**TASK OBJECTIVE:**
Could you return the data that follows exactly, minus the images?

**PROVIDED MATERIAL:**
┄┄┄┄┄┄

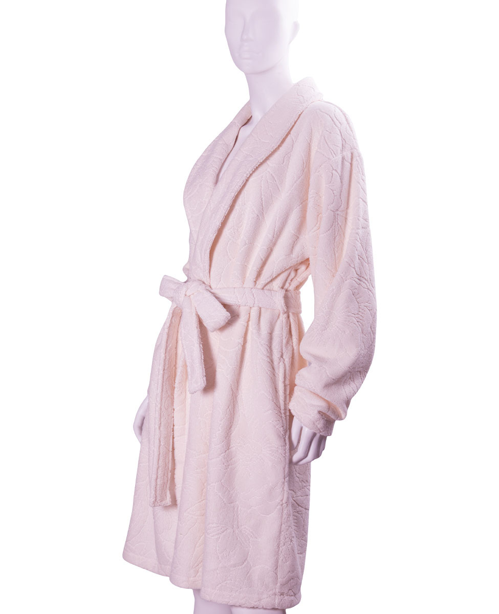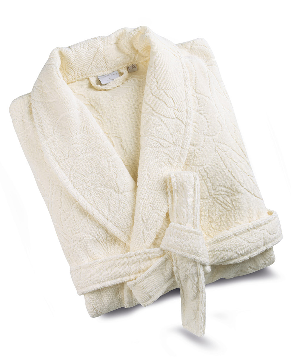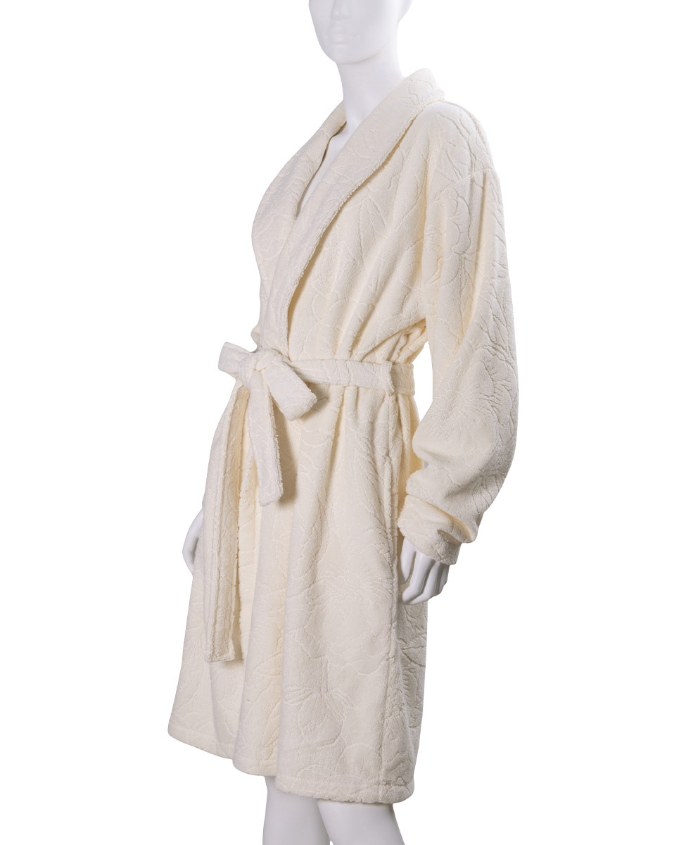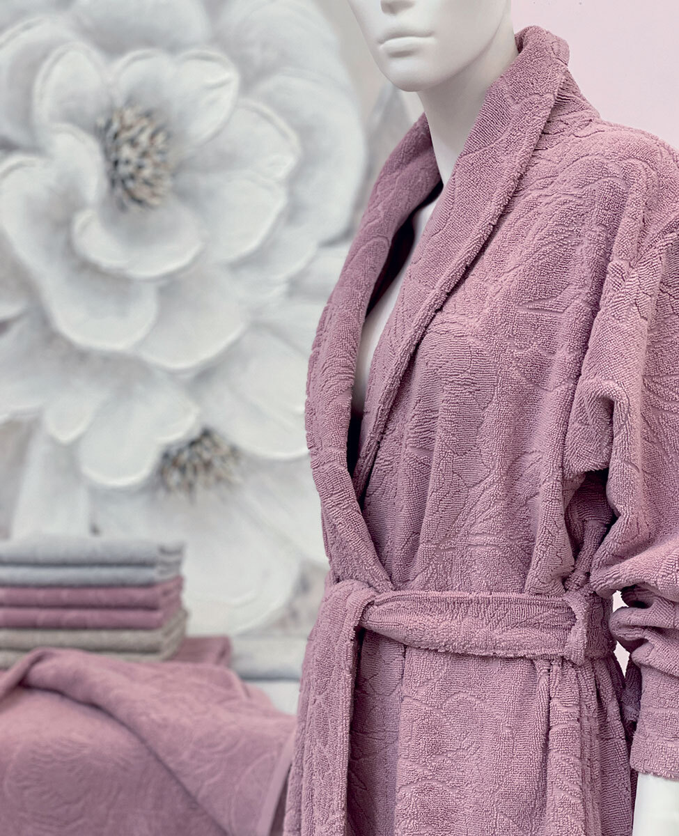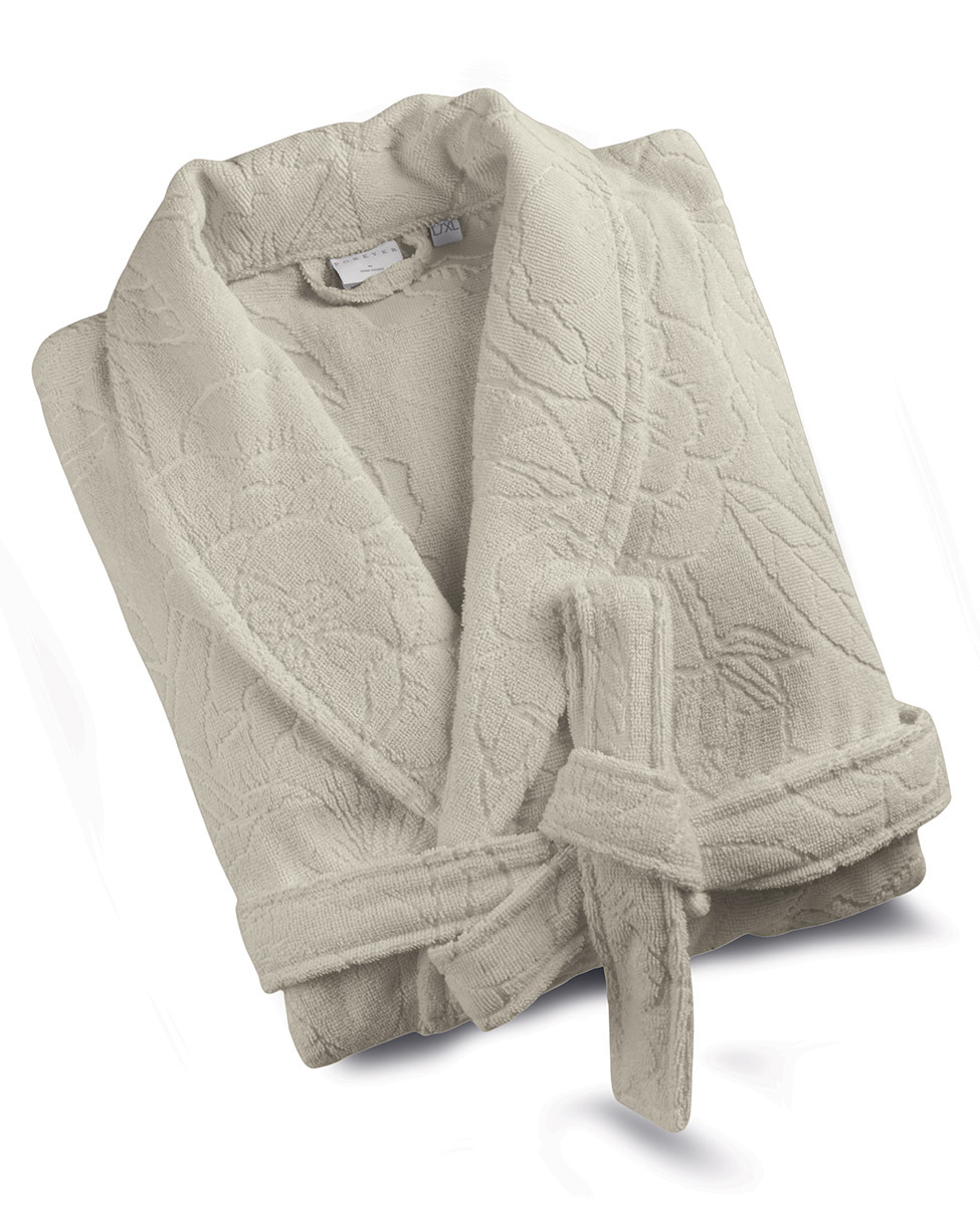 Accappatoio sciallato in tinta unita con motivo floreale piazzato in jacquard con tasche inserite nei fianchi, taglia S/M, lunghezza 110 cm.
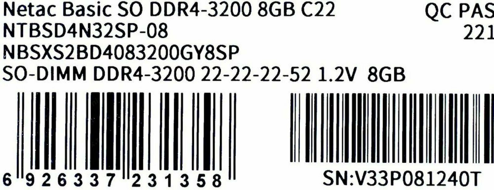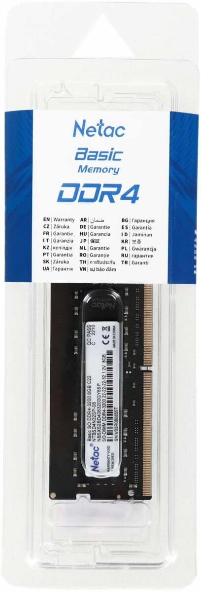 Оперативная память NETAC Basic NTBSD4N32SP-08 DDR4 - 8ГБ 3200, SO-DIMM, Ret
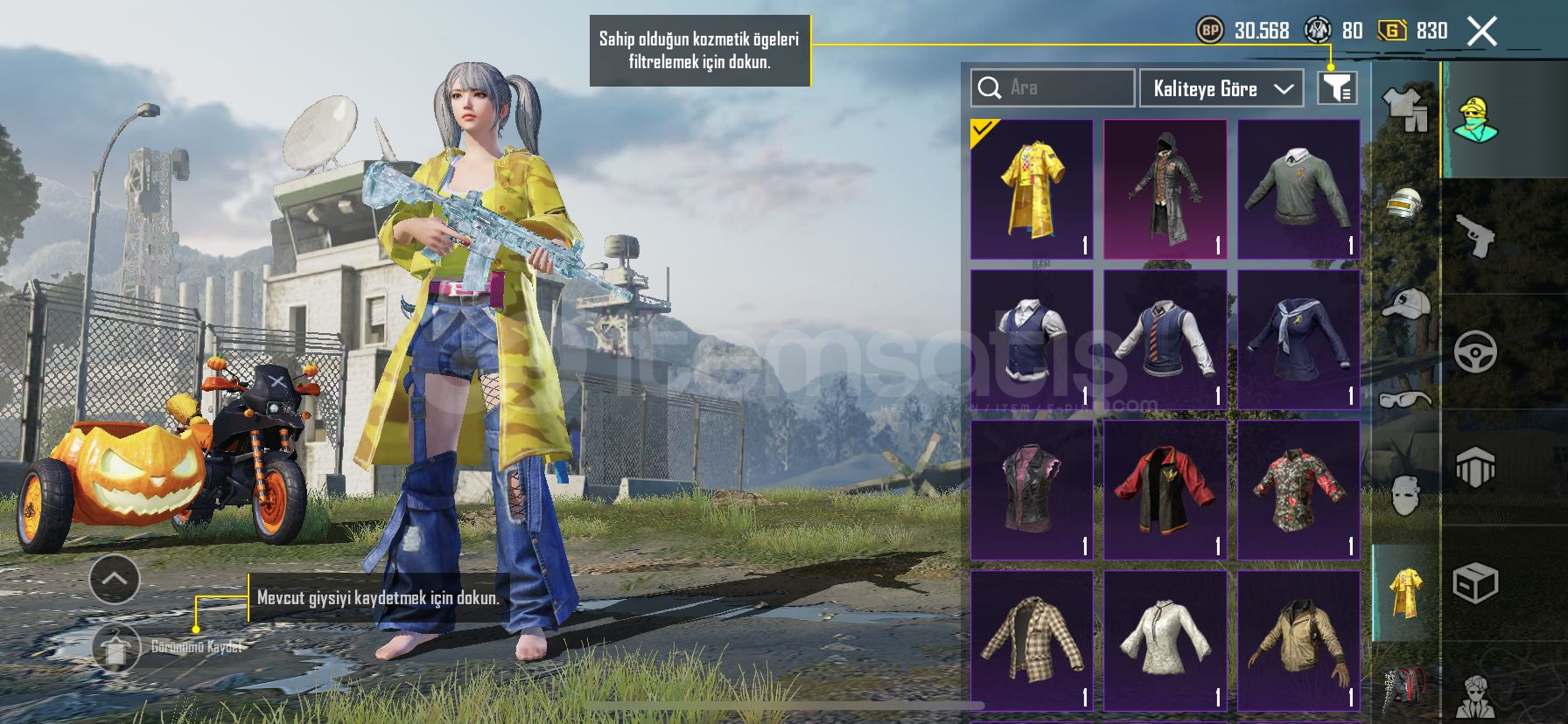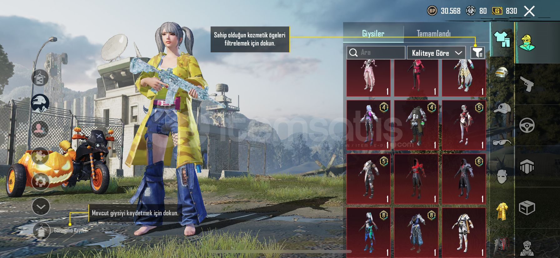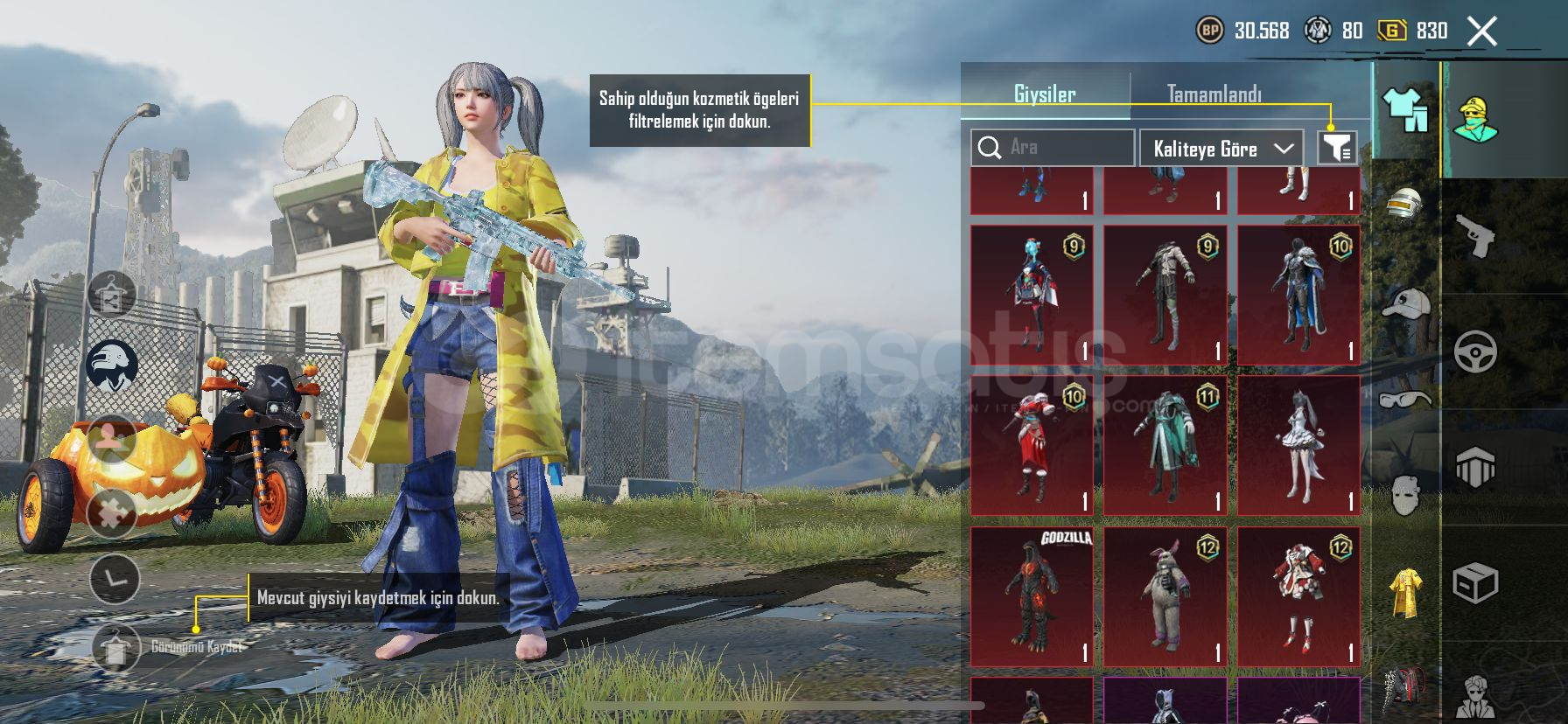 🎭 Özel Setler:🍍 Ananas Seti🎯 Kusursuz Tetikçi Seti👤 İşgalci Seti⚡ Metal Fırtına Seti🔋 Akülü Zırh Seti🤠 Kasabanın Şerifi Giysisi🎭 Asil Maskeli Seti👑 Buz Kraliçesi Seti🌸 Cennet Gonca Seti🔥 Alevli Godzilla Kostümü🏜️ Altın Kum Varisi Seti🪖 Toplamda 3 Adet Destansı Kask🔫 Yükseltilebilir Silahlar:&#...
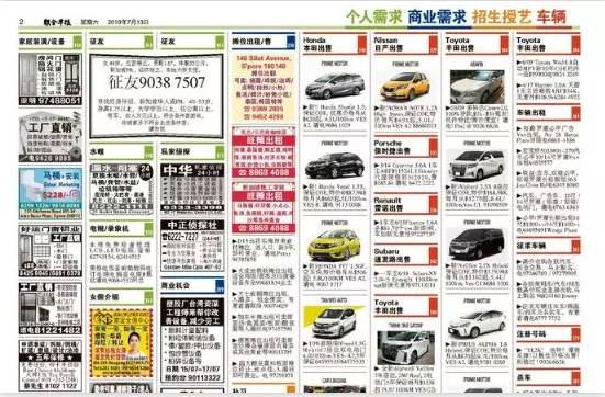 從刊登的版面看,該頁大部分都是賣車的,這位妹紙居然占了兩個“車位”

┄┄┄┄┄┄

**OUTPUT FOR THIS TASK:**
 Accappatoio sciallato in tinta unita con motivo floreale piazzato in jacquard con tasche inserite nei fianchi, taglia S/M, lunghezza 110 cm.
 Оперативная память NETAC Basic NTBSD4N32SP-08 DDR4 - 8ГБ 3200, SO-DIMM, Ret
 🎭 Özel Setler:🍍 Ananas Seti🎯 Kusursuz Tetikçi Seti👤 İşgalci Seti⚡ Metal Fırtına Seti🔋 Akülü Zırh Seti🤠 Kasabanın Şerifi Giysisi🎭 Asil Maskeli Seti👑 Buz Kraliçesi Seti🌸 Cennet Gonca Seti🔥 Alevli Godzilla Kostümü🏜️ Altın Kum Varisi Seti🪖 Toplamda 3 Adet Destansı Kask🔫 Yükseltilebilir Silahlar:&#...
 從刊登的版面看,該頁大部分都是賣車的,這位妹紙居然占了兩個“車位”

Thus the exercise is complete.